A $54 million, five-year-old federal program to show the value of X-rays in detecting breast cancer would not be started today without harder evidence that the X-rays find more cancer than they cause, a government cancer official said yesterday.

Dr. Diane Fink, director of cancer control for the National Cancer Institute said the X-ray, or "mammography," project was started in the first flush of a federal anti-cancer crusade, when the understanding of X-ray risks was "a bit fuzzier."

Fink's statement was the start of the latest review of the controversial program that so far has given annual exams, including mammograps, to more than 200,000 American women. The review is being made in a three-day meeting of the nation's leading doctors and scientists, at the National Institutes of Health in Bethesda. The aim of the meeting said Dr. Donald Fredrickson, NIH director, is to reach a "consensus" on whether or not to continue the program, and if so, how extensively.

A committee headed by Dr. Oliver Beahrs of the Mayo Clinic will make its recommendation today.
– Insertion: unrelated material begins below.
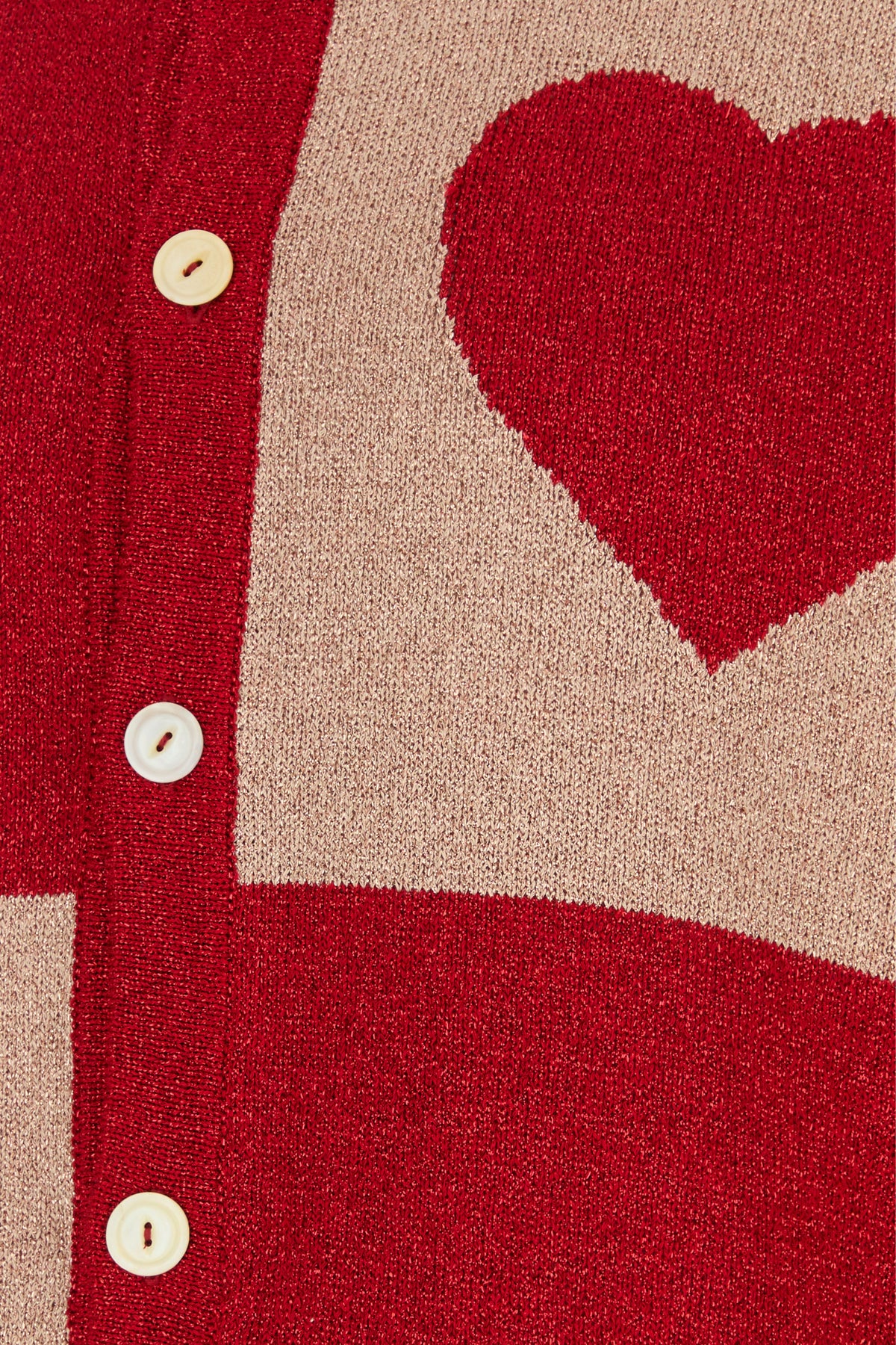 Cardigan realized in viscose blend with lurex threads characterized by peculiar embroidery at the front.

No conclusion will be reached before Friday, and perhaps not then unless Fredrickson gets a clear signal one way or the other from the group.

The 200,000 women enrolled in the program - down from nearly 280,000 at the outset - get annual exams including a mammogram at 27 major medical centers, including Georgetown University.

The American Cancer Society, which co-sponsors the project, played a major role in pushing the Cancer Institute to start it.

Dr. Benjamin F. Byrd, head of the Cancer Society's breast cancer task force, said yesterday that mammography has helped turn up 2,500 cancers in the study group and has proved itself as "the significant modern advance in detecting early breast cancer."

But several other speakers agreed that it still has not been shown how many lives will really have been saved by adding mammography to other examinations - and how this will balance out against deaths caused by excess radiation.

Dr. John Bailer, editor of the Journal of the National Cancer Institute, said that starting about 10 years after the first x-rays there will be 3.5 to 7.5 extra breast cancer deaths each year for each million "rads" of x-ray exposure. The women in the project's first year alone may have received nearly that much radiation, and that risk is multiplied by the number of years in which each woman is exposed.

Annual X-rays in the program are now recommended for only two groups that experts so far agree have an especially high risk of developing cancer: women over 50, and women between 35 and 49 who have either had cancer in one breast already, or who have a mother or sister who developed breast cancer.